Leaning on the couch behind me, I hoisted myself to my feet.

Severina scrambled upright too, holding out her hand for me to steady her. The wine, and the sudden motion, made us both sway. For a moment we lurched together, still clutching hands.

Had it been Helena, I would have found my arms were round her. Severina was smaller; I would have to stoop. She was not the birdlike bony type who gave me goose-pimples; under her loose shift I could see inviting flesh on her. Her skin always looked clean and smooth; it was poignantly perfumed with some familiar oil. In the lamplight, and so close to me, the wintery grey of her eyes was suddenly a deeper, more interesting, blue. We both knew what I was thinking. I was relaxed, and susceptible. I was missing my lady; I too needed company.

She made no attempt to stand on tiptoe; she wanted the decision-and the blame-to be all mine.

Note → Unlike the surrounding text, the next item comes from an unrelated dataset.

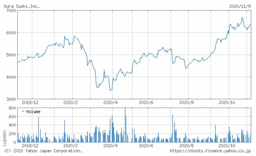 シリーズでお伝えしている「注目小売店月次実績」。今回は回転寿司チェーン店「くら寿司」を運営するくら寿司(2695)の2020年10月の月次動向及び過去実績、また過去1年の株価動向について振り返ってみましょう。

Too tired out and tipsy to think fast, I searched for a way to escape with some tact. 'Bad idea, Zotica!'

'Not tempted?'

'Too far gone,' I pretended gallantly. At that moment I felt so overcome with weariness I could easily have agreed to any procedure which allowed me to lie down. 'Another time,' I promised.

'I doubt it!' she answered-pretty vindictively.

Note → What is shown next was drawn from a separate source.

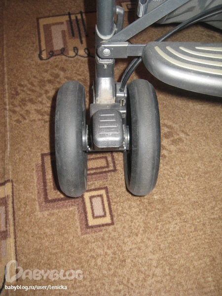 Еще одно из передних колес стало плохо фиксироваться. Надо там провести некие манипуляции, только тогда оно закрепится. А в последнюю прогулку я заметила, что задние колеса стали разъезжаться домиком во время движения((((( Это меня вообще убило. Коляска то не перегружена!

I managed to stagger home.

I had not been back to my Piscina Publica apartment since Anacrites arrested me. I would have been relieved to find a message from Helena Justina: some signal that she missed me, some reward for my own good faith. There was nothing.

Still, I could hardly blame a senator's daughter if she was too proud to make overtures. And, having said I would wait to hear from her, there was no way on earth that I was going to approach her first.. .

I went to bed, cursing women.

Severina didn't want me; she wanted me to want her; not the same thing.

Nor, I thought angrily (for the drink was now making me belligerent), was there any way that a pair of cool blue eyes would make me forget the girl who really made me furious; the girl I wanted to think about; the girl whose brown eyes once said so frankly that she wanted me. ..

Frustrated beyond endurance, I crashed my clenched fist as hard as I could against the bedroom wall. Somewhere close by, within the building fabric, a shower of falling material rattled disturbingly as if I had shifted a joist. The debris trickled for a long time.

In the darkness I moved my hand over the wall surface. Unable to find any damage to the plasterwork, I lay rigid with guilt and foreboding, listening for noises.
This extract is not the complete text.